I have 8 reps of illumina paired-end reads from a fungal RNA-seq experiment that I have de novo assembled using trinity. Trinity says to use the --jaccard_clip function if you predict high gene density, which may be the case for a small fungal genome.
I assembled the transcriptome twice.
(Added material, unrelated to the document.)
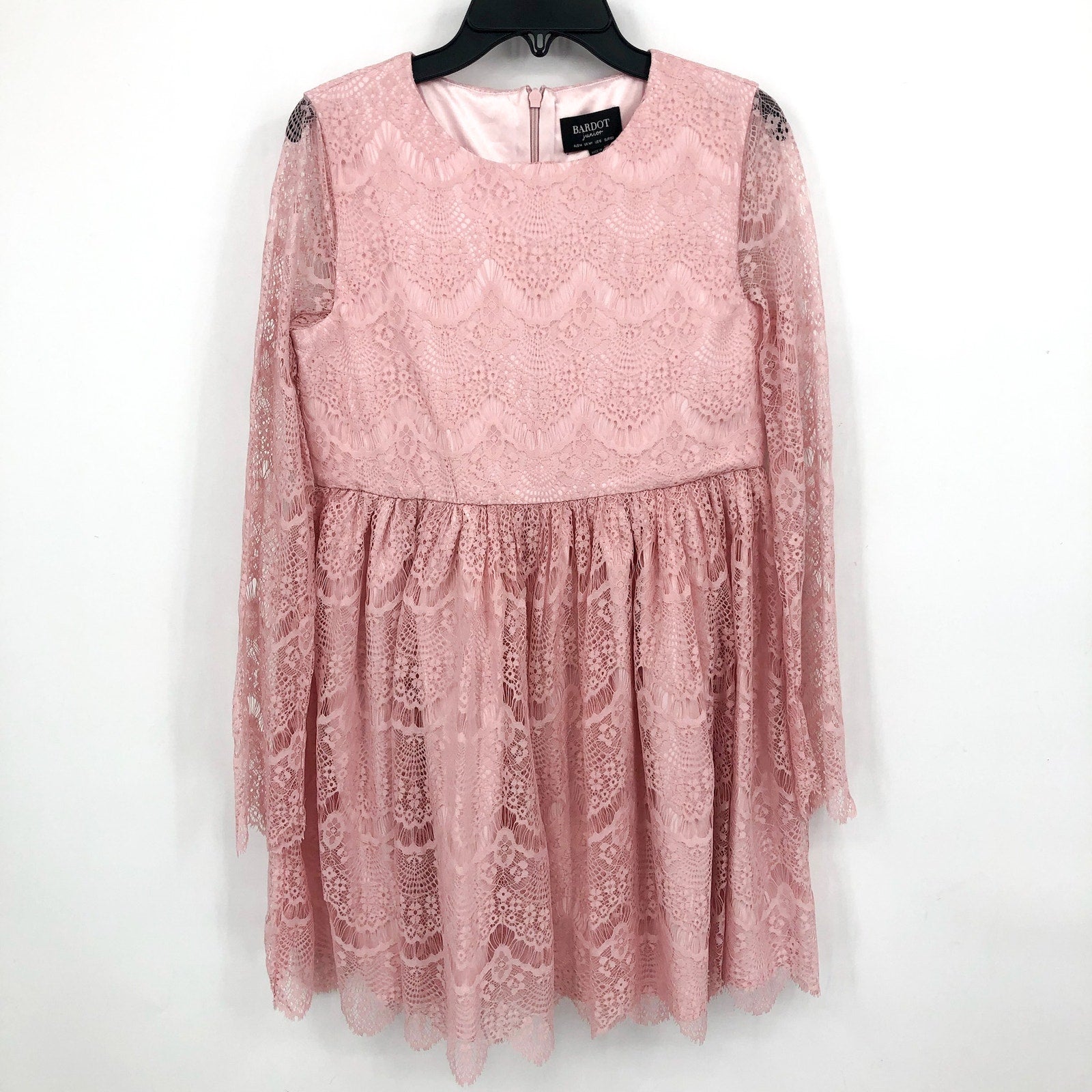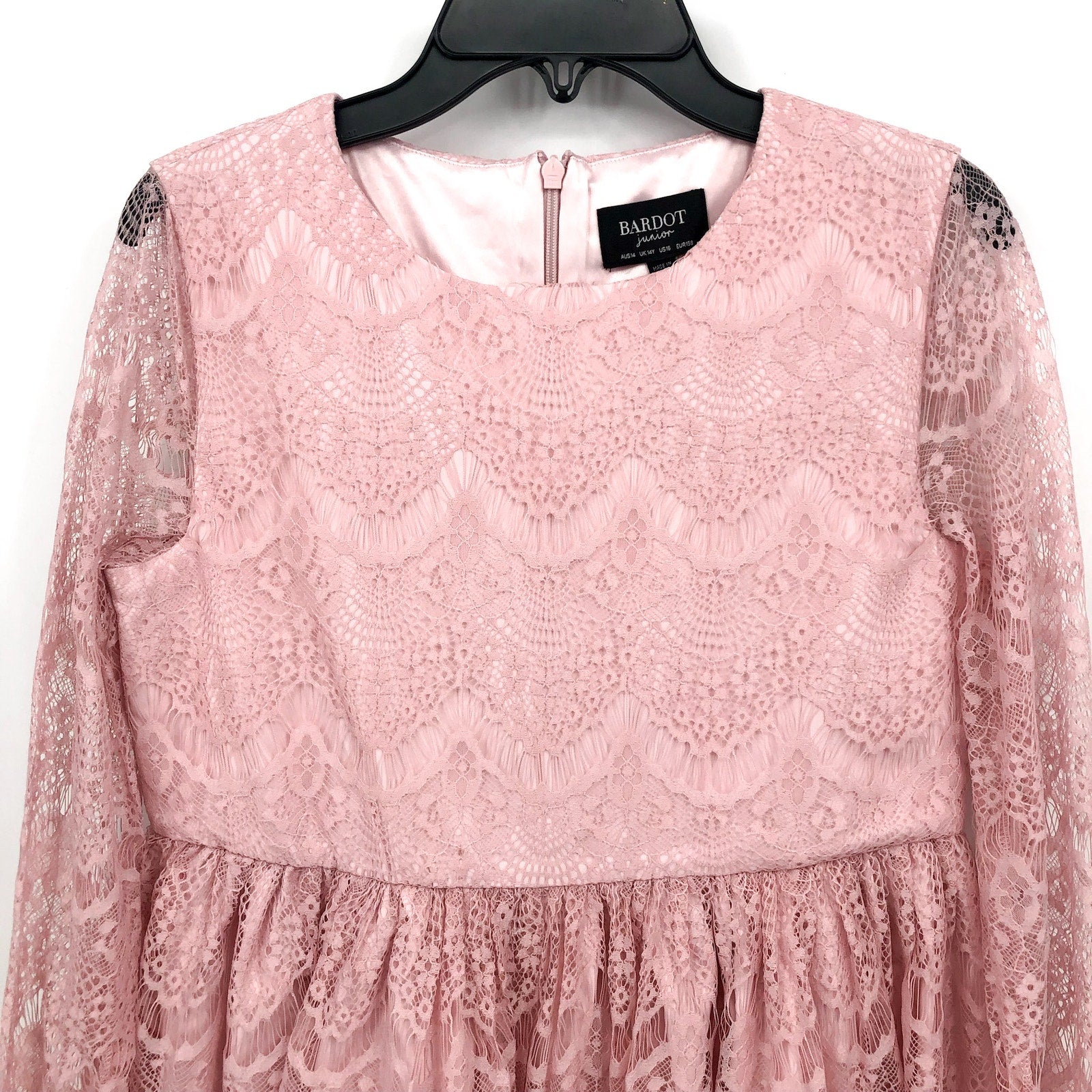 BARDOT JUNIOR Girl Gertrude Lace Dress Size 16 Pink Potpourri Long Sleeve NWT

Once with --jaccard clip and once without --jaccard_clip and preformed a couple of the recommended quality assessment steps for each.
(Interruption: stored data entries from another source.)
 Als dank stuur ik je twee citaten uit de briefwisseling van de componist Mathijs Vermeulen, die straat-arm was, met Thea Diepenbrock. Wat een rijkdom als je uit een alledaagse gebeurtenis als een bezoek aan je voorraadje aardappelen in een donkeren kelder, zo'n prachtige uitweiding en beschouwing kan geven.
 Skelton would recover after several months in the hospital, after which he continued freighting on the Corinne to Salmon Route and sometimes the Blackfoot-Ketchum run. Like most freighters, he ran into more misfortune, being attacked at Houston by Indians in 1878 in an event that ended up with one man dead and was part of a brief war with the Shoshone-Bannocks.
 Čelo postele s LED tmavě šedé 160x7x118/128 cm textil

Read content in each of the transcriptomes is good. 99.12% of reads map to the transcriptome with --jaccard_clip transcriptome, and 98.97% to the transcriptome without --jaccard_clip.
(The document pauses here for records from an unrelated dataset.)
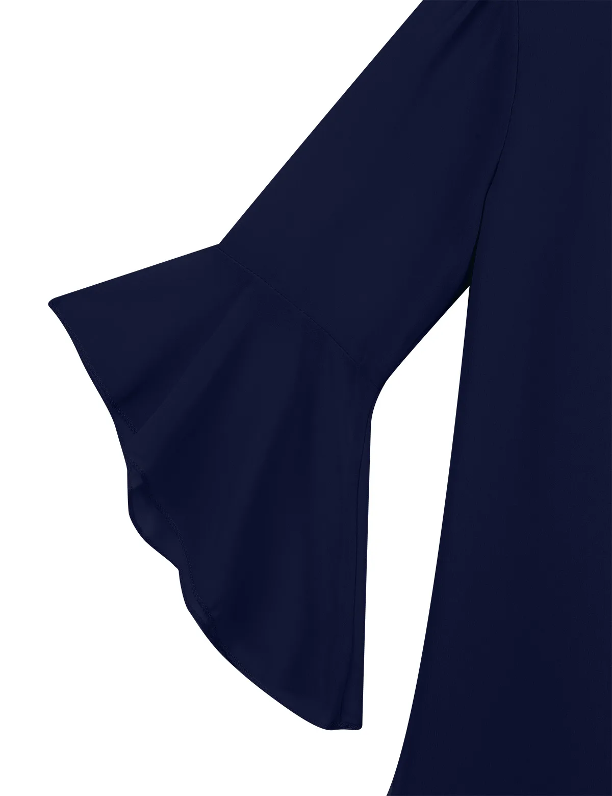 Рукава-колокольчики 3/4, v-образный вырез, вырез сзади с завязками на талии. С подкладкой.
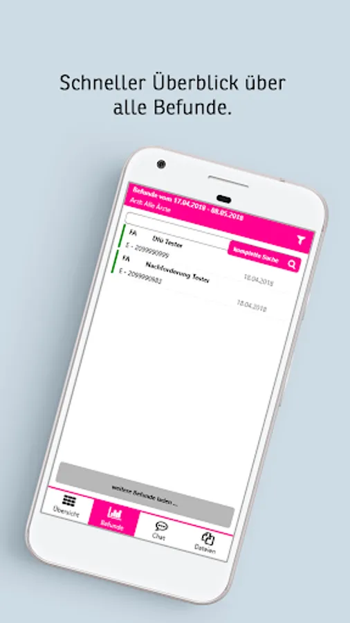 With this tool, you gain access to the laboratory findings of your patients anywhere - immediately after validation. The integrated chat module offers you another opportunity to contact us. Ask e.g. Questions about findings directly to the employees of the respective department or contact us for other concerns. We will take care of your request immediately.
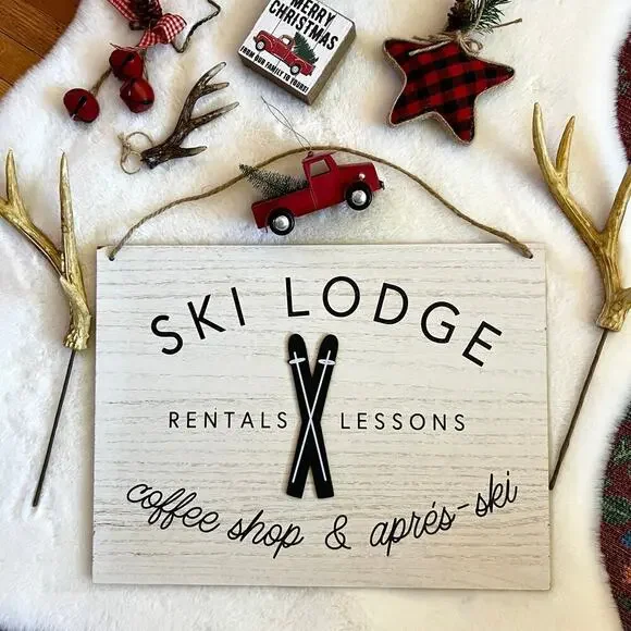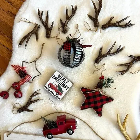 Christmas Decoration Ski Lodge Sign and Rustic Farmhouse Ornaments and Decor Bundle8 Antlers ornaments2 Big antlers 1 Big Wooden Sign Ski Lodge 12" x 15.7"1 Small Sign 3"x3"Plaid rustic star ornamentStar and bells ornamentRustic ball ornamentRed Christmas truck with Christmas tree ornamentShips next business day.
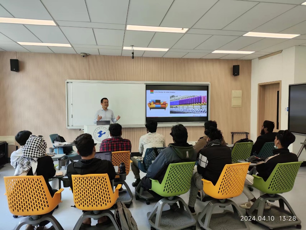 4月10日下午,蔚谱光电(上海)有限公司总经理王彬宇先生受邀走进《颜色技术原理(全英语)》课堂,以Color Digitalization in Industry为题在教学楼C207为纺织工程国际班的留学生们带来了一场别开生面的全英语讲座,旨在带领学生了解颜色测量的数字化技术和设备、颜色数字化发展及前沿应用。

Below, stats for each transcriptome generated using trinitystats.pl.
With --Jaccard_clip
Counts of transcripts, etc.
Total trinity 'genes': 18674
Total trinity transcripts: 30205
Percent GC: 62.50
Stats based on ALL transcript contigs:
Contig N50: 2481
Median contig length: 674
Average contig: 1296.03
Total assembled bases: 39146732
Stats based on ONLY LONGEST ISOFORM per 'GENE':
Contig N50: 2336
Median contig length: 363
Average contig: 1034.59
Total assembled bases: 19319873
Without --jaccard_clip
Counts of transcripts, etc.
Total trinity 'genes': 6106
Total trinity transcripts: 18773
Percent GC: 62.38
Stats based on ALL transcript contigs:
Contig N50: 4196
Median contig length: 2074
Average contig: 2720.12
Total assembled bases: 51064844
Stats based on ONLY LONGEST ISOFORM per 'GENE':
Contig N50: 3986
Median contig length: 1973.5
Average contig: 2514.36
Total assembled bases: 15352683
Trinity also recommend counting full length transcripts with BLAST to swissprot. Below transcripts were aligned to their best protein hit. The chart displays number of transcripts at various percent coverages. For more info on this chart, see https://github.com/trinityrnaseq/trinityrnaseq/wiki/Counting-Full-Length-Trinity-Transcripts
With --Jaccard_clip
hit_pct_cov_bin count_in_bin >bin_below
100 1046 1046
90 571 1617
80 404 2021
70 331 2352
60 327 2679
50 330 3009
40 305 3314
30 231 3545
20 281 3826
10 120 3946
Without --jaccard_clip
hit_pct_cov_bin count_in_bin >bin_below
100 2313 2313
90 764 3077
80 552 3629
70 440 4069
60 381 4450
50 333 4783
40 314 5097
30 269 5366
20 220 5586
10 102 5688
I would like to choose the better of these transcriptomes for my analysis, but Im still not sure which is the most representative. Does anyone have advice about how to make the final selection?
Hey Chris, thanks!
I tried BUSCO for the longest gene isoform of both files but didn't get great number for either assembly...
With --jaccard_clip
Without --jaccard_clip
It's a transcriptome, so you may not get the complete set of BUSCOs for your taxonomic group (this only represents what is expressed, unlike a genome).
The key is using this to compare various assembly versions (or assemblies using different tools). They both are fairly comparable but the
--jaccard-clip
is slightly higher. It might be better to run on all the data (not just the longest) using the 'transcriptome' mode if you aren't already doing that; the longest rep sequence may not always be the best.